Но вот его подбородок снова упирается в грудь.
Катя насмешливо смотрит на меня.
— Составишь ему компанию? — шепотом спрашивает она.
— Обязательно, — так же шепотом отвечаю я.
На выходе из театра мы быстро прощаемся. До последней электрички всего два часа, а мне надо проводить Катю до общежития. Вера живет где-то на севере Ленинграда. Павел и слышать не хочет о том, чтобы она добиралась домой одна.
— Встретимся на вокзале, — говорю я. — Третий вагон.
Павел торопливо кивает, и они спешат в метро.
А мы с Катей снова садимся на троллейбус — так быстрее.
На вечерних улицах зажигаются фонари. В ушах все еще звучит волшебная итальянская музыка.
— Хорошо, правда? — спрашивает Катя, прижимаясь ко мне.
Мы едем по мосту, а под нами рассекает волны «Метеор». Его широкие квадратные окна ярко освещены.
— Хорошо, — соглашаюсь я. — Замечательный вечер.
— Ты так и не рассказал, чем кончилась история с жалобой, — напоминает мне Катя.
Я делюсь с ней подробностями.
— Это правильно, — кивает Катя, когда я говорю, что Болотникова исключили из общества. — Так ему и надо!
Я провожаю Катю до общежития. Вахтерша сурово кивает мне — она на посту, и не дремлет. Я одобрительно киваю в ответ.
— Звони, ладно? — говорю я Кате.
У нас уговор — Катя будет звонить в сельсовет по вечерам, ровно в девять. А я жду ее звонка в те дни, когда нахожусь в Черемуховке.
Такая вот сложная система связи в эпоху без интернета и мобильных телефонов.
— Конечно, — кивает Катя. — Знаешь, мне кажется, что я соскучусь по тебе, как только поднимусь в комнату.
— Это вряд ли, — улыбаюсь я. — Там тебя наверняка ждут соседки.
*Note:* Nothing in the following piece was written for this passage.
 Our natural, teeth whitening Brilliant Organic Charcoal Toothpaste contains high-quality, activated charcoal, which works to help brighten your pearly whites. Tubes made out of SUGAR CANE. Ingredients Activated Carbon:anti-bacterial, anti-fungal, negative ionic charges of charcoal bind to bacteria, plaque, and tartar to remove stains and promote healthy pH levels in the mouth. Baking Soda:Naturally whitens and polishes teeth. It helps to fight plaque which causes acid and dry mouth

— Правда, — радостно кивает Катя. — Беги, а то опоздаешь!
Я еще раз целую ее. Вахтерша одобрительно кивает — ей нравится наш ответственный подход к маскировке.
А потом я бегу на метро — до электрички остается всего полчаса.
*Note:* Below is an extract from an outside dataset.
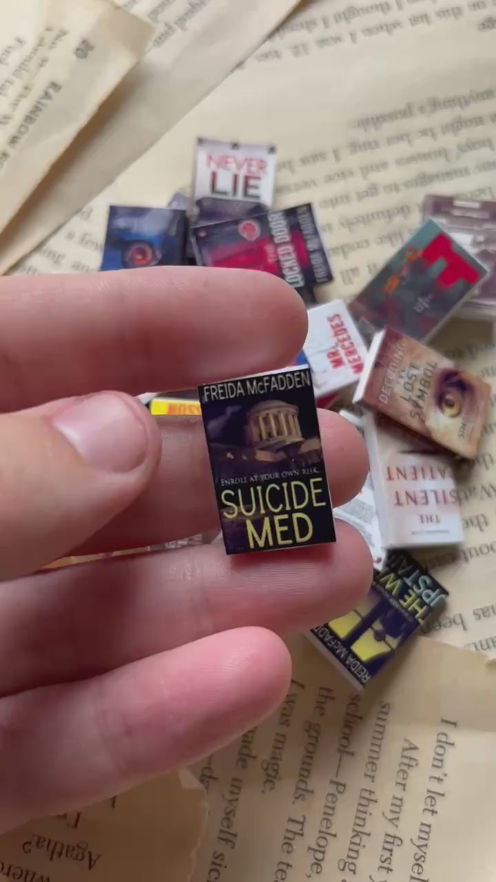 Hver bok er 3D-printet og har et vinyltrekk med bokomslag fra ekte bøker innenfor sjangerne mysterie, skrekk og thriller. Perfekt som dekor, gaver eller små skatter til bokhylla, dioramaer, boknooks eller dukkestuer.

Павла на вокзале нет. Я стою в прокуренном тамбуре, придерживая руками автоматические двери — вдруг он появится в последний момент.
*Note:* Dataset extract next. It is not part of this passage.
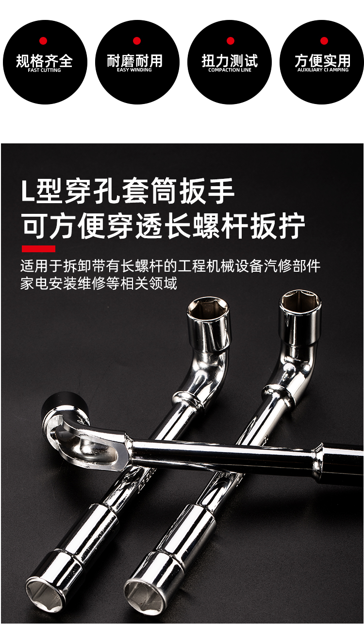Pipe sleeve 7-character elbow wrench Milling mouth perforated double-headed outer hexagonal L-shaped sleeve head 13-20-7-8-36mm

«Осторожно, двери закрываются» — безразлично бормочет динамик.
Ну, Паша! Значит, не успел — или не захотел успевать.
Я улыбаюсь. Молодчина, так и надо!
Двери с шипением закрываются. Электричка медленно трогается.
На всякий случай я прохожу все вагоны от хвоста до головы поезда. Павла нет — точно, остался в Ленинграде.
Электричка почти пуста. Редкие пассажиры сидят порознь друг от друга. Только во втором вагоне весело хохочет компания молодежи. Когда я прохожу мимо, они на секунду умолкают — я для них слишком взрослый, человек из другого, пока еще чужого для них мира.
Я иду в следующий вагон. Сажусь на жесткую деревянную скамейку и прислоняюсь лбом к оконному стеклу. Стекло холодное. Я вглядываюсь в темноту, в которой мелькают только столбы и редкие огни деревень.
Потом закрываю глаза.
Просыпаюсь только когда электричка уже подъезжает к Волхову. Вагон совершенно пуст. Пуст и перрон — я выхожу на него и словно окунаюсь в чернильную темноту, которую не могут разогнать даже редкие фонари.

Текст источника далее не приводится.